How to Get Your E-Mail Marketing Past Spam Filters and Firewalls and Into Your Customer’s Inbox




E-mail marketing is a tremendously valuable tool for small and large companies that do business online. However, some companies find that there are a number of challenges that get in the way of their e-mail marketing campaigns.

In part, this is because many of your customers and prospects take advantage of Spam filters that have been built into their e-mail software. These Spam filters scan each message received for keywords that are often associated with scams or unsolicited marketing, and often direct any mail deemed questionable into a Spam, bulk or junk folder rather than the recipient’s inbox.

Just as many e-mail programs have Spam filters, many Internet Service Providers (ISPs) block some e-mail messages. An ISP-content filter may be set to block all mail that is addressed to more than a certain number of recipients. Similarly, ISP blocks can occur for messages that contain images, excessive links, as well as words and phrases that are frequently used by spammers.

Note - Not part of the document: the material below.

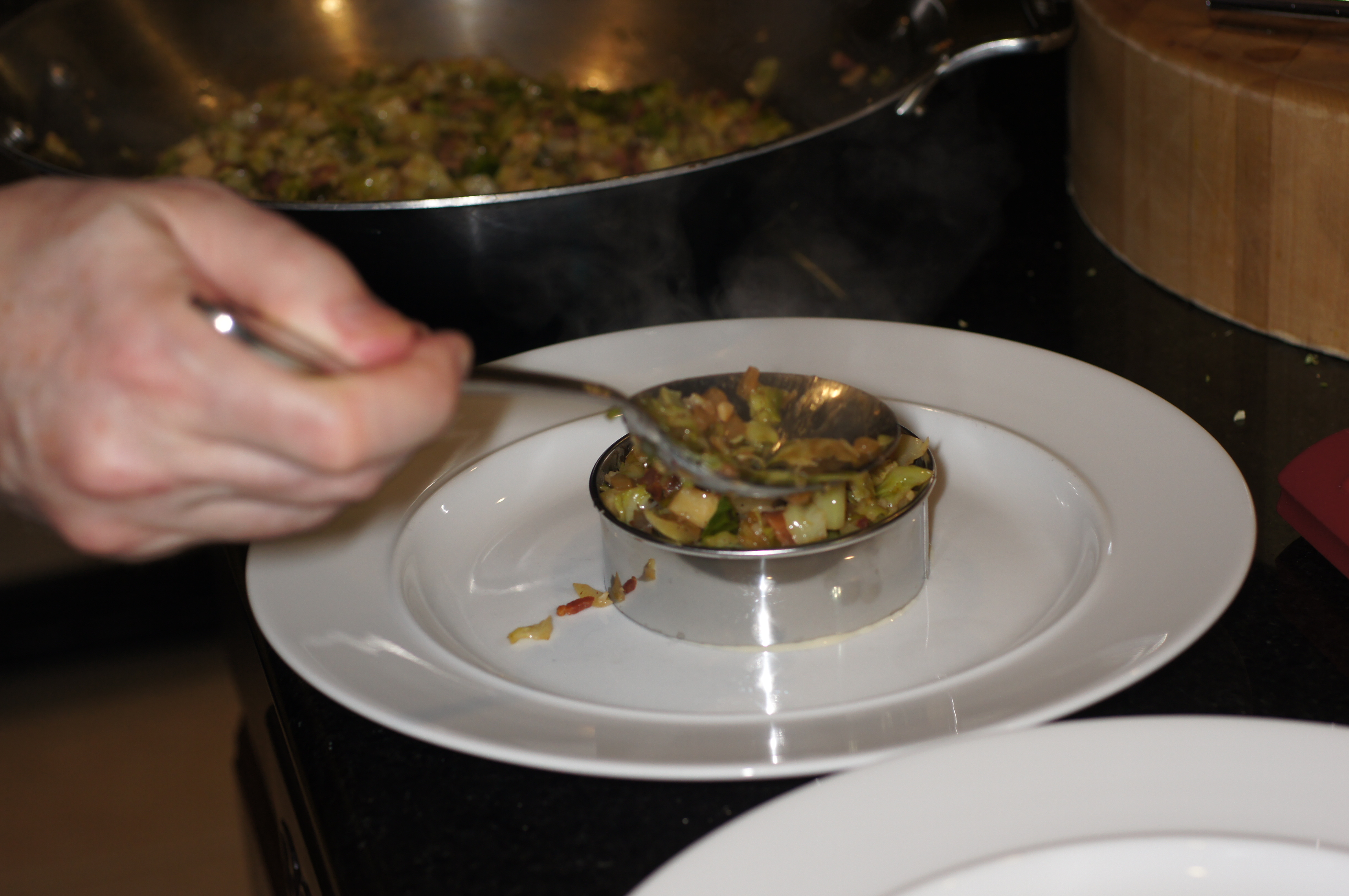 Spoon brussel sprout hash into ring mold filling it completely

If too many of your company’s e-mails are identified as Spam or deemed to be unsolicited, you may find your IP address – the address from which you send e-mail – on a blacklist. When your IP address is blacklisted, many of the e-mail marketing messages that you send will be returned to you undelivered.

Similarly, some ISPs have Greylists. Greylisting happens based on the way that the server sending the e-mail behaves rather than the content of the messages themselves. When your messages are greylisted, e-mails that you send will be bounced back; the e-mail will need to be re-sent. Though servers can be configured to re-send the e-mail automatically, if the server responds too quickly or too slowly, your e-mail marketing message may be identified as Spam.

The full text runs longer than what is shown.